From the line containing "жени и деца." down to the last line of the entries, print each line exactly and leave the pictures out.

▶ Source data:
------------------------------------------------------------

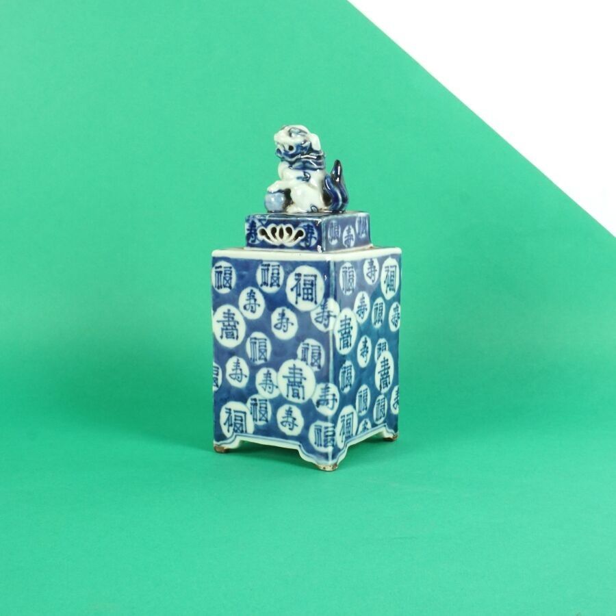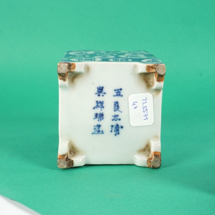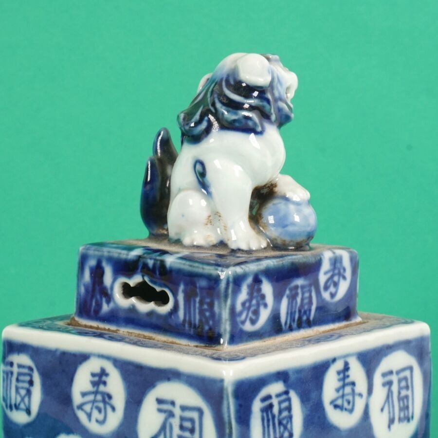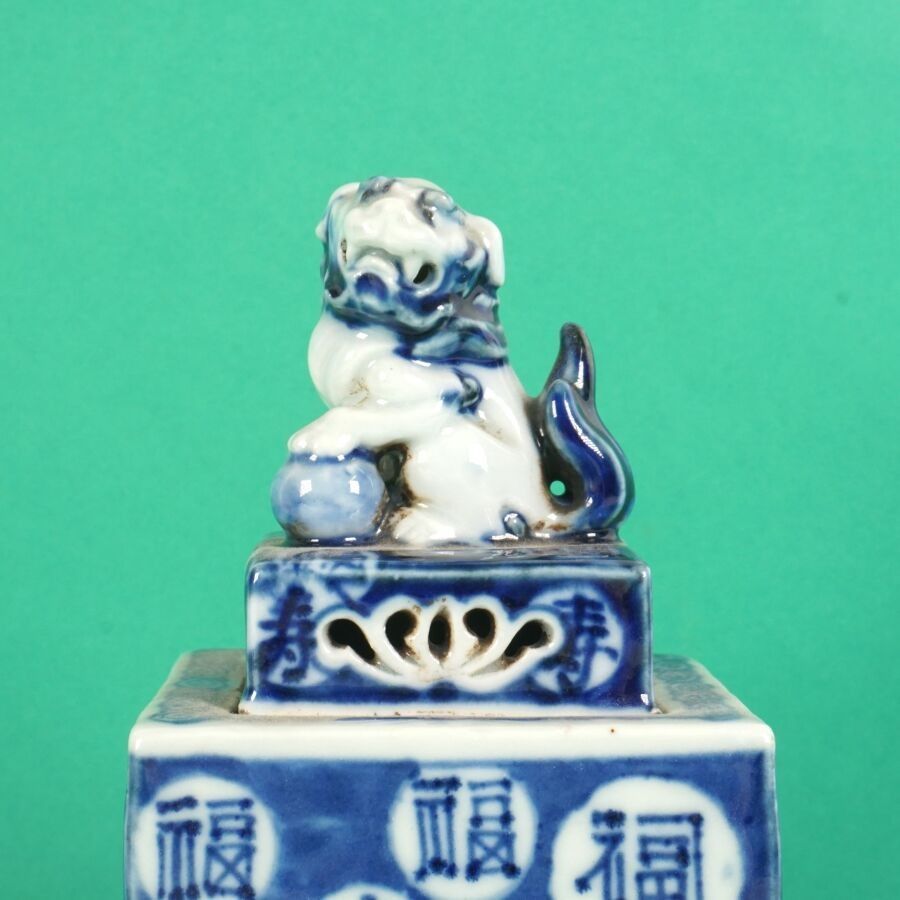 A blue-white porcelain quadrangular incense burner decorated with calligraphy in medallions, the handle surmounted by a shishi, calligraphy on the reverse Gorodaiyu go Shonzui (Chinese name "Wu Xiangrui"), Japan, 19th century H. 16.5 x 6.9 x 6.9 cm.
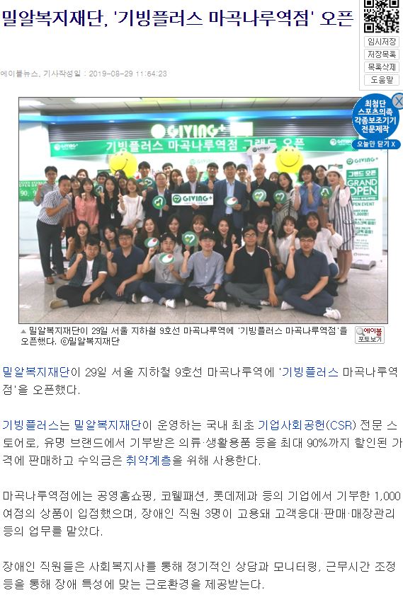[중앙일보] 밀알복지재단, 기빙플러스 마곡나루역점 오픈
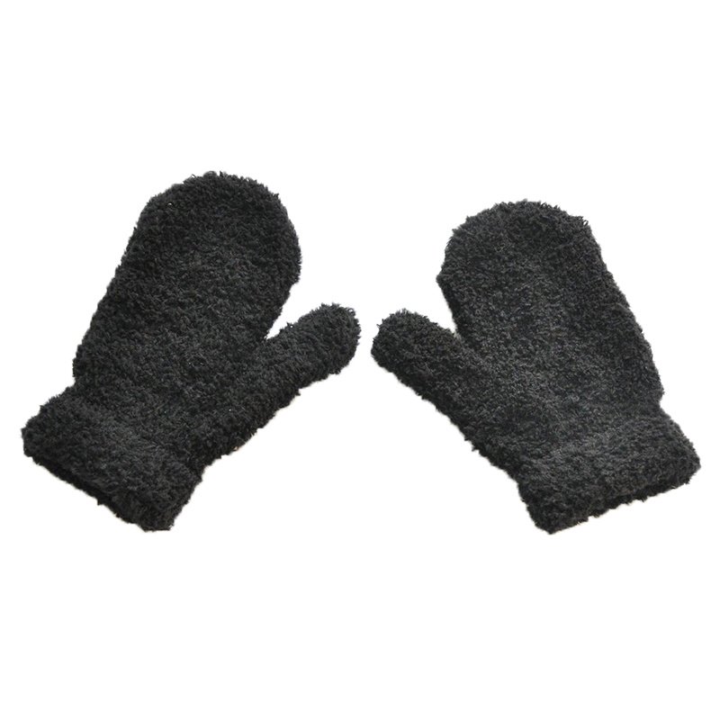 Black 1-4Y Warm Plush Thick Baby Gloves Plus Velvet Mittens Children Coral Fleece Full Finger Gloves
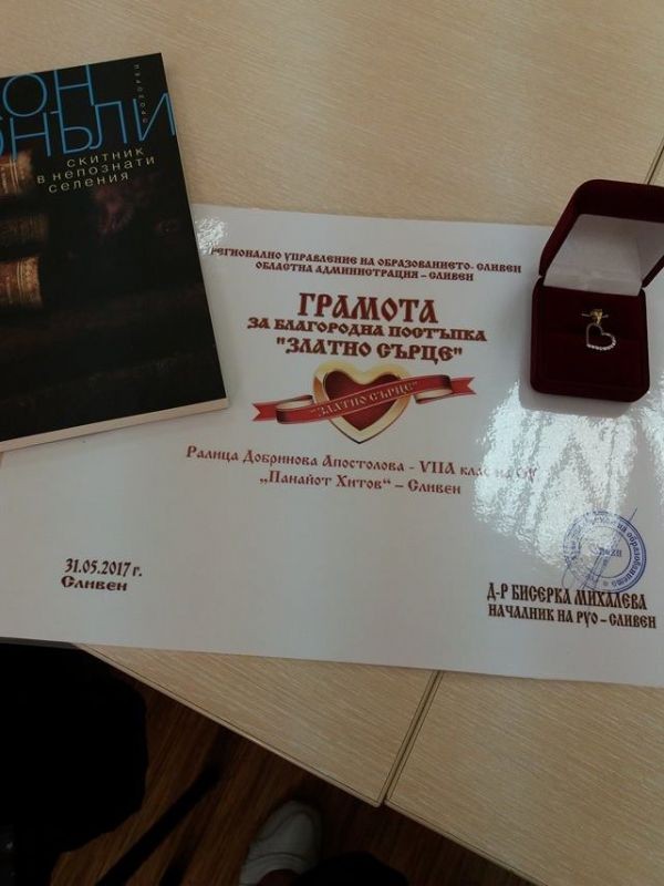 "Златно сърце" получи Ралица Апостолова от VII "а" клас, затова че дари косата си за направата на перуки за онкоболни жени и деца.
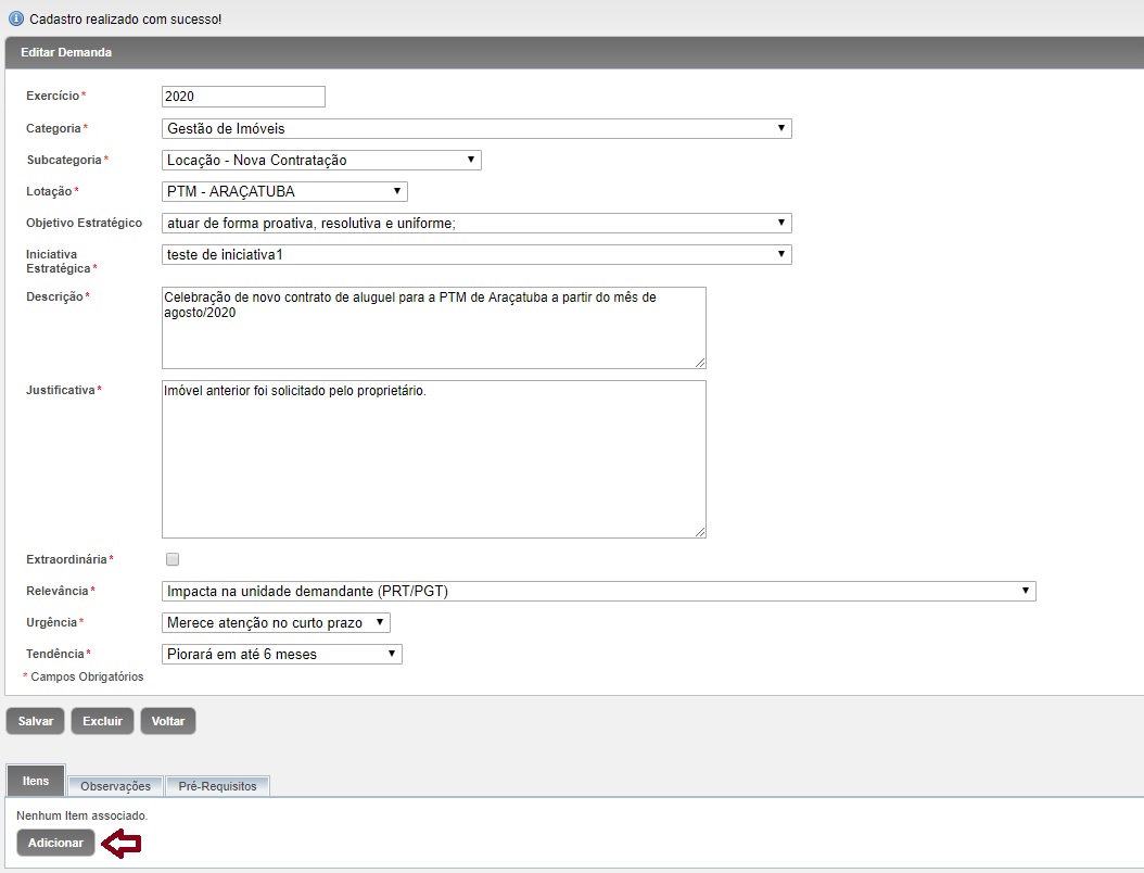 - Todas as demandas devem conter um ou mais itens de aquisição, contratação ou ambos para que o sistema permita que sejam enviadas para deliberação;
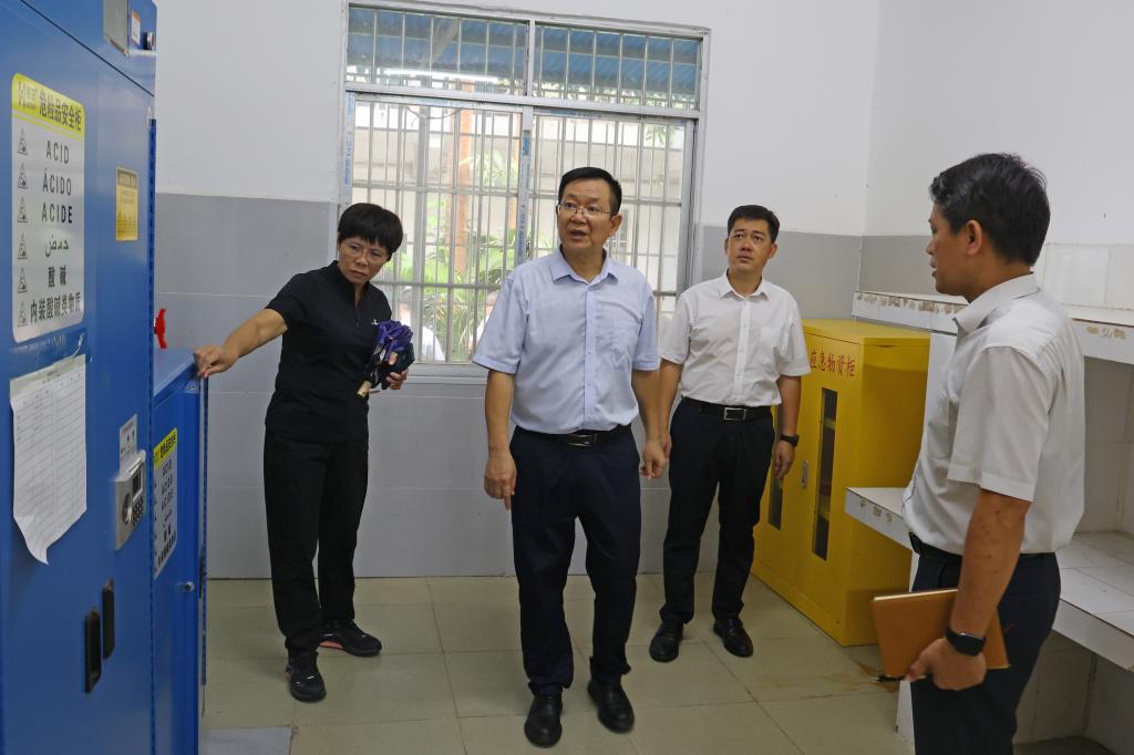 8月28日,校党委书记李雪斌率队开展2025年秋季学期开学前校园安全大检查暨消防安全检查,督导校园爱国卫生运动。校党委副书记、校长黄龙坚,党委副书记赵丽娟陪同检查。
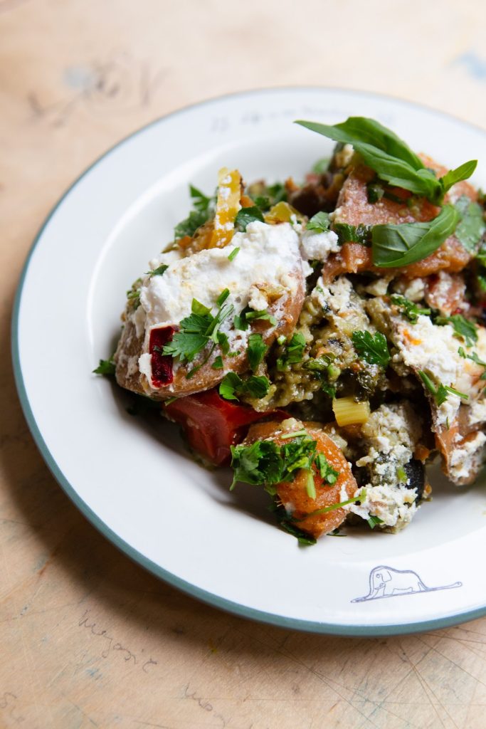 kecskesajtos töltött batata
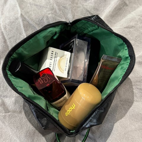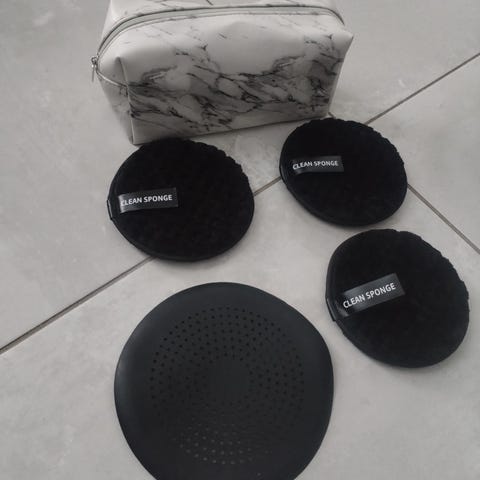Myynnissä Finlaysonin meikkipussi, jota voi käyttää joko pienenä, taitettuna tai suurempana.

------------------------------------------------------------

▶ Written answer:
 "Златно сърце" получи Ралица Апостолова от VII "а" клас, затова че дари косата си за направата на перуки за онкоболни жени и деца.
 - Todas as demandas devem conter um ou mais itens de aquisição, contratação ou ambos para que o sistema permita que sejam enviadas para deliberação;
 8月28日,校党委书记李雪斌率队开展2025年秋季学期开学前校园安全大检查暨消防安全检查,督导校园爱国卫生运动。校党委副书记、校长黄龙坚,党委副书记赵丽娟陪同检查。
 kecskesajtos töltött batata
Myynnissä Finlaysonin meikkipussi, jota voi käyttää joko pienenä, taitettuna tai suurempana.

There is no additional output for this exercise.